Beandrea July of The New York Times wrote "One can't help but cheer on this Y.A. feminist tale as a welcome addition to the Sherlock Holmes universe."
Lovia Gyarkye of The Hollywood Reporter called it "a serviceable sequel". Gyarkye praises the meticulous production and costume design but is critical of the narrative as "The 1888 match girl strike, which was a process of community building, a focused effort on we, gets repackaged as a lesson in one voice leading the masses."

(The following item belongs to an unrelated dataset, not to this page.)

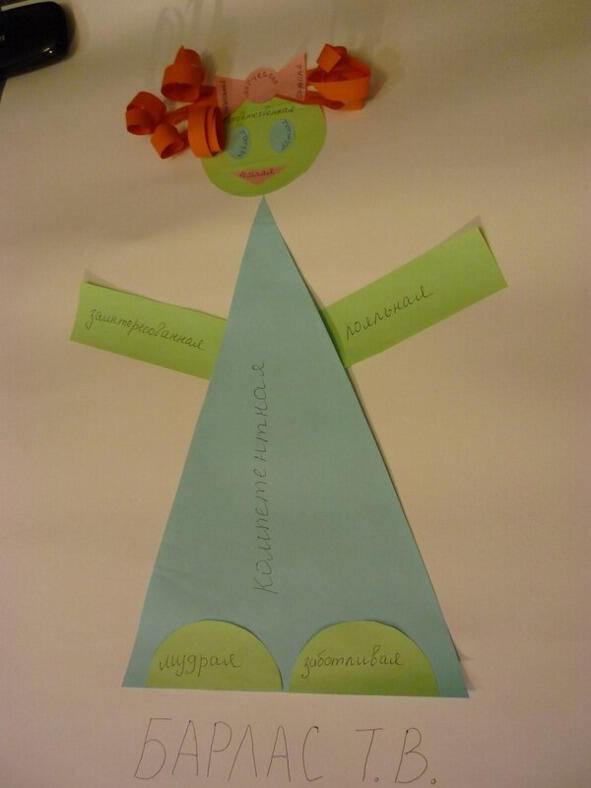 Одна из групп ограничилась образом «героя», которым оказалась я. Мамадорогая! Чего только они не понаписали «Компетентная» (туловище), «мудрая», «заботливая» (ноги), «заинтересованная», «лояльная» (руки), «веселая» (рот), «прямая», «честная» (глаза), «ответственная» (лоб), «творческая», «внимательная», «открытая» (бантик), «понимающая», «отзывчивая», «оптимистичная», «тактичная», «психолог-практик», «хороший рассказчик», «юная душой» (кудряшки).

Benjamin Lee of The Guardian gave it 3 out of 5 and wrote: "An equally boisterous romp that's equally as hard to remember once it's over but one that should keep its many fans engaged enough to warrant further sequels."
Robbie Collin of The Daily Telegraph gave it 2 out of 5. He found the film less charming than its predecessor and was critical of "the overall aura of cheapness", from the dreary looking scenes to the basic fight scenes.

===Accolades===
Millie Bobby Brown won the award for Favorite Movie Actress at the 2023 Kids' Choice Awards. Consolata Boyle also won Best Costume Design at the 19th Irish Film & Television Awards.

==Sequel==

In November 2023, Netflix revealed that a screenplay for a third Enola Holmes film was in the works. Netflix Films chairman Scott Stuber said the streamer is very proud of their "homegrown star" Millie Bobby Brown, and they are excited to continue telling Enola's story.

The third film was announced in November 2024, with Philip Barantini taking over as director. Brown, Partridge, Cavill, Bonham Carter, Patel, and Duncan-Brewster reprise their roles, while Jack Thorne returns as screenwriter. Filming began in April 2025, and completed on 27 June.

Enola Holmes 3 was released on July 1, 2026.